Our Research

Role of Ferritinophagy in Pancreatic Cancer
Recent work has shown that pancreatic cancers have a distinct dependence on autophagy (a cellular catabolic pathways) and that inhibition leads to DNA damage and metabolic defects leading to growth suppression. The unique importance of autophagy in pancreatic cancer suggests that there may be a subset of proteins that are specifically targeted by autophagy for degradation, which would promote proliferation and survival. To identify novel proteins degraded by autophagy in pancreatic cancer, we purified autophagosomes from pancreatic cancer cell lines and employed quantitative mass spectrometry-based proteomics. One of the most highly enriched autophagosomal proteins was NCOA4. Importantly, interaction proteomics revealed ferritin heavy and light chains (FTH1, FTL) as high confidence interacting proteins. Ferritin forms a complex of 24 subunits of light and heavy chains that is capable of storing up to 4,500 iron atoms. When iron levels in the cell are low, ferritin is degraded allowing the release of iron for use by the cell. Ferritin is degraded in the lysosome and recent evidence implicated autophagy in the process; however, the mechanism underlying this activity remained unclear. Our work identified NCOA4 as the selective autophagy receptor for ferritin autophagy (ferritinophagy) revealing the mechanism of how ferritin is degraded to regulate bioavailable iron levels (Mancias et al., Nature 2014) (Mancias et al., Elife 2015).
 
Given the reliance of multiple cancers, including pancreatic cancer, on both high levels of autophagy as well as iron, understanding the role of NCOA4 in pancreatic cancer may reveal a new therapeutic approach. However, the role of ferritinophagy in the larger context of organismal iron metabolism may limit the therapeutic index of such a therapy; therefore, understanding the physiologic role of NCOA4 will be equally important.
 
We will take an integrated biochemical, cell biologic, and in vivo approach in order to answer fundamental questions of the role of NCOA4-mediated ferritinophagy in pancreatic cancer and in systemic iron homeostasis (Santana-Codina et al. Cancer Discovery 2022).

---

​Selective Autophagy in Pancreatic Cancer
Using our quantitative autophagosomal proteomics methodology, we determined the most robust list of autophagosome proteins to date (Mancias et al., Nature 2014). Investigating pancreatic cancer specific autophagosomal candidates may reveal insights into how pancreatic cancer utilizes autophagy. Candidates will be characterized using an integrated proteomic, biochemical, and cell biologic approach. Furthermore, as we know little about the autophagosome machinery for selective autophagy (mitophagy, etc.), we will perform quantitative autophagosomal proteomics after various selective autophagy stimuli. These studies will yield further insights into autophagy biology (Mancias et al., JMB 2016). 

​Quantitative Temporal Proteomics to identify targetable adaptations and resistance to (K)RAS inhibitors
While considered undruggable for 40 years, recent advances have led to the development of mutant allele-specific KRAS and pan-RAS inhibitors (KRASi) that demonstrate activity in PDAC patients in early clinical trials. However, resistance will prevent KRASi monotherapies from producing durable responses. There is an urgent need to understand how to effectively implement KRASi in combinations to prevent or circumvent resistance. ​To identify pathways of adaptation to KRASi and predict drug combinations that circumvent resistance, we are using mass-spectrometry-based quantitative temporal proteomics (Santana-Codina et al. Cell Reports 2020) to profile the proteomic response to KRASi in pancreatic cellular, organoid, and in vivo models. Based on these proteomic data, we will identify KRASi combinatorial regimens with potential therapeutic utility.

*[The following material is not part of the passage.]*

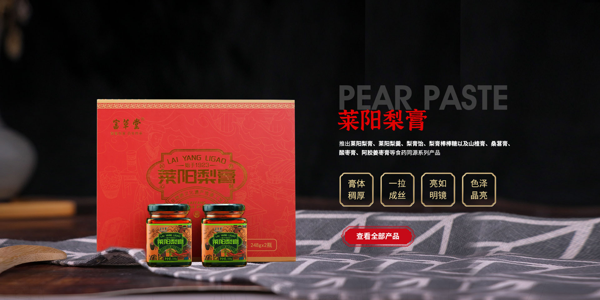 萊陽市昌榮食品有限公司成立于2003年,占地面積2萬余平方米,自有萊陽梨種植基地800余畝,年加工能力50萬噸,是一家集基地種植、原料倉儲、科技研發(fā)、生產(chǎn)加工、市場營銷、文化旅游為一體的集團(tuán)化公司。 公司的“富草堂”品牌,源于1923年創(chuàng)辦的“富草堂大藥房”,距今已有百年歷史......

Identifying the pancreatic tumor MHC-I ligandome in response to ionizing radiation for combination radiation-immunotherapy approaches
Radiation therapy has known stimulatory effects on anti-tumor CD8+ T cell immunity against both primary tumors and metastatic tumors distant from the primary irradiation site when combined with checkpoint blockade immunotherapy (abscopal effect). Here we aim to answer major questions regarding radiation-induced immune remodeling in pancreatic cancer: what are the MHC-I ligands pancreatic tumor cells present in response to ionizing radiation that stimulate CD8+ T cell mediated killing? To answer this question, we will use an innovative and cutting-edge combination of mass spectrometry-based quantitative peptidomics and proteomics, mouse models of PDAC, next-generation sequencing, bioinformatics, and targeted immune stimulation experiments. To that end, we have already developed an innovative multiplexed quantitative mass spectrometry-based approach towards identifying MHC-I ligands (Murphy, Yu et al, Analytical Chemistry 2019).